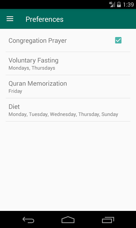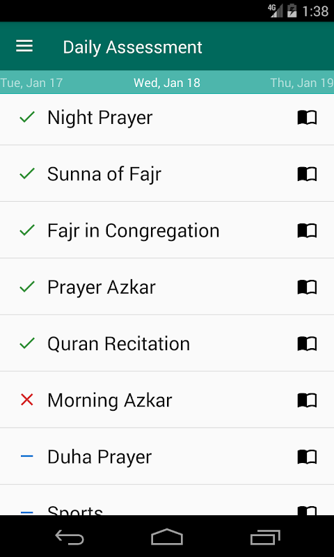 Günlük değerlendirme ve ilerleme izleyicisiyle Müslüman Günü, sizi her gün daha iyi bir Müslüman olmaya motive ediyor. Her zaman tercihlerinizi güncelleyebilir ve / veya günlük aktiviteler listesini kendi kişisel hedeflerinize uyacak şekilde düzenleyebilirsiniz.
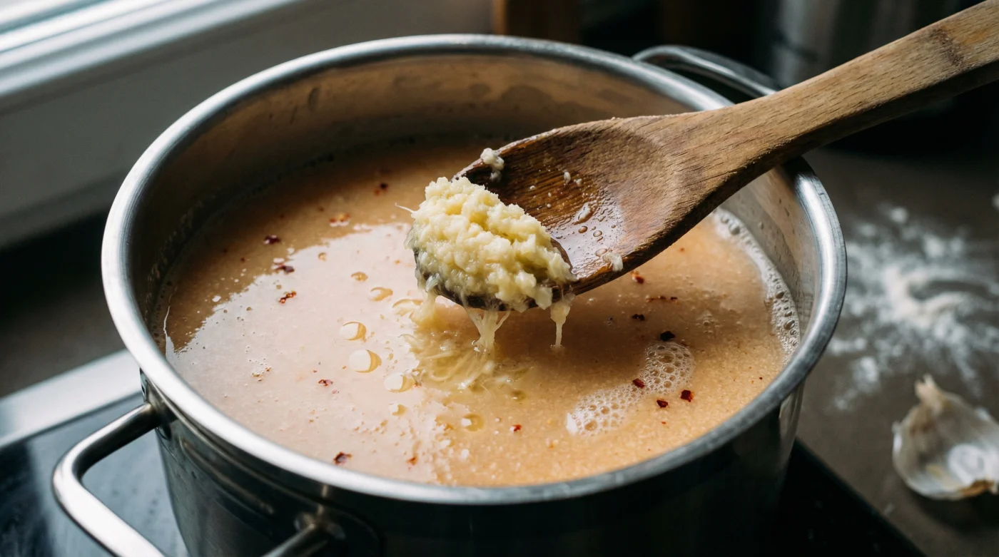 Tencereyi ocağa almadan önce bu karışımın tam beş dakika tezgahta dinlenmesine izin ver. Bu beş dakikalık bekleme süresi, suyun, sarımsağın ve tarhananın birbiriyle tanışıp harmanlandığı o kritik andır. Sürenin sonunda kalan suyunu ilave edip ocağın altını aç. Çorba kaynayana kadar yavaş, 8 çizer gibi ritmik hareketlerle karıştırmaya devam et.
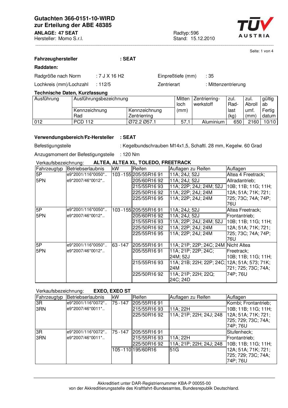 Dieses Gutachten (abe) bezieht sich auf die Alufelge Momo 596 in der Ausführung 7Jx16 ET 0, Mittenloch 0 mm (KBA 48385). Im PDF findest du typischerweise zulässige Reifengrößen, Auflagen/Anbauhinweise und – je nach Dokument – Hinweise zur Eintragung.
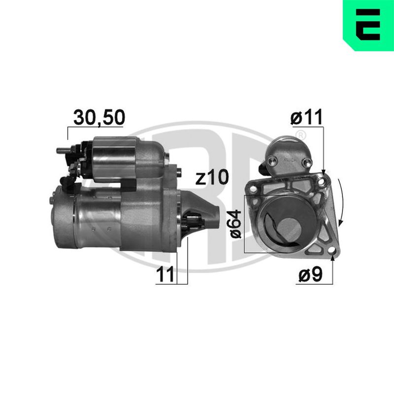 Tensión [V]: 12 Potencia nominal [kW]: 1 Número de dientes: 10 ID del modelo de conector: 30-50 Sentido de giro: Sentido de giro a la derecha (horario) Diámetro de brida [mm]: 64 Cantidad de agujeros de fijación: 2 Tipo de combustible: Gas líquido (LPG) Posición básica piñón [mm]: 11

▶ WHAT IS REQUIRED:
The answer should consist of every line above, exact and free of images.

▶ OUTPUT OF THE EXERCISE:
 Günlük değerlendirme ve ilerleme izleyicisiyle Müslüman Günü, sizi her gün daha iyi bir Müslüman olmaya motive ediyor. Her zaman tercihlerinizi güncelleyebilir ve / veya günlük aktiviteler listesini kendi kişisel hedeflerinize uyacak şekilde düzenleyebilirsiniz.
 Tencereyi ocağa almadan önce bu karışımın tam beş dakika tezgahta dinlenmesine izin ver. Bu beş dakikalık bekleme süresi, suyun, sarımsağın ve tarhananın birbiriyle tanışıp harmanlandığı o kritik andır. Sürenin sonunda kalan suyunu ilave edip ocağın altını aç. Çorba kaynayana kadar yavaş, 8 çizer gibi ritmik hareketlerle karıştırmaya devam et.
 Dieses Gutachten (abe) bezieht sich auf die Alufelge Momo 596 in der Ausführung 7Jx16 ET 0, Mittenloch 0 mm (KBA 48385). Im PDF findest du typischerweise zulässige Reifengrößen, Auflagen/Anbauhinweise und – je nach Dokument – Hinweise zur Eintragung.
 Tensión [V]: 12 Potencia nominal [kW]: 1 Número de dientes: 10 ID del modelo de conector: 30-50 Sentido de giro: Sentido de giro a la derecha (horario) Diámetro de brida [mm]: 64 Cantidad de agujeros de fijación: 2 Tipo de combustible: Gas líquido (LPG) Posición básica piñón [mm]: 11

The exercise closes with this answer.